Soyinka’s art has always found its genesis in the African continent’s myths and mystifications, and in his own life experiences—he has been jailed on two occasions, in 1965 and again from 1967-1969, tortured, condemned to death by dictator Sani Abacha, and forced repeatedly and for long periods into hiding for his own safety. What can literature do in the face of such chaos, injustice, and violence? “Well,” he says in a hoarse voice, “present a model of possibilities, and that is all. Beyond that, nothing. The fact that literature is not helpless is proven by the fact that it attracts power. Those who hold power use it to censor, to harass [writers] so literature is not as helpless or insignificant as some people think.”

We turn to the subject of his incarceration: how does prison change a man? “When I came out, I was very bitter, not bitter about being in prison, I was bitter about the treatment I received, but most importantly of all the statements that were attributed to me which were false. My immediate writing was bitter, then I settled on looking at society and looking at the human condition and creating microworlds which is what all writers do. One of the problems one has as a writer who writes about society is the danger of becoming pessimistic, resentful, and aggressively so.”

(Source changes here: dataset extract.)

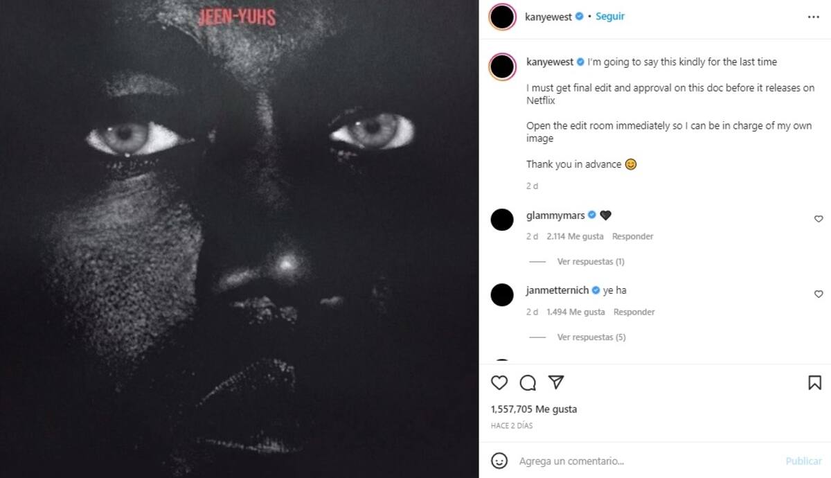 West escribió el viernes en Instagram que "deben obtener la edición final y la aprobación de este documento antes de su lanzamiento en Netflix", donde está previsto el lanzamiento masivo el próximo 16 de febrero.

The immediate writing he refers to is Madmen and Specialists , a play about the Nigerian Civil War (1967-1970), considered the writer’s darkest dramatic work. He recounted his years behind bars in 1972’s The Man Died: Prison Notes , which the Nigerian government eventually banned in 1984. His play Death and the King ’ s Horseman , first performed in 1976, brings Soyinka worldwide acclaim.

Wole Soyinka does not regard himself as a novelist; he refers to his novels as “accidents.” His debut, The Interpreters , was published in 1965, followed by Season of Anomy in 1973. He swears that this one, his third, is his last. “Oh, I am not going that way again! I just know it intuitively. A novel is hard labor. A play is unfinished and on stage it gets finished, so you don’t really mind, because you know that on stage you will have an opportunity to change things here and there. Theater is a dynamic process. A novel is frozen, until maybe a filmmaker is foolish enough to attempt to put it on celluloid.”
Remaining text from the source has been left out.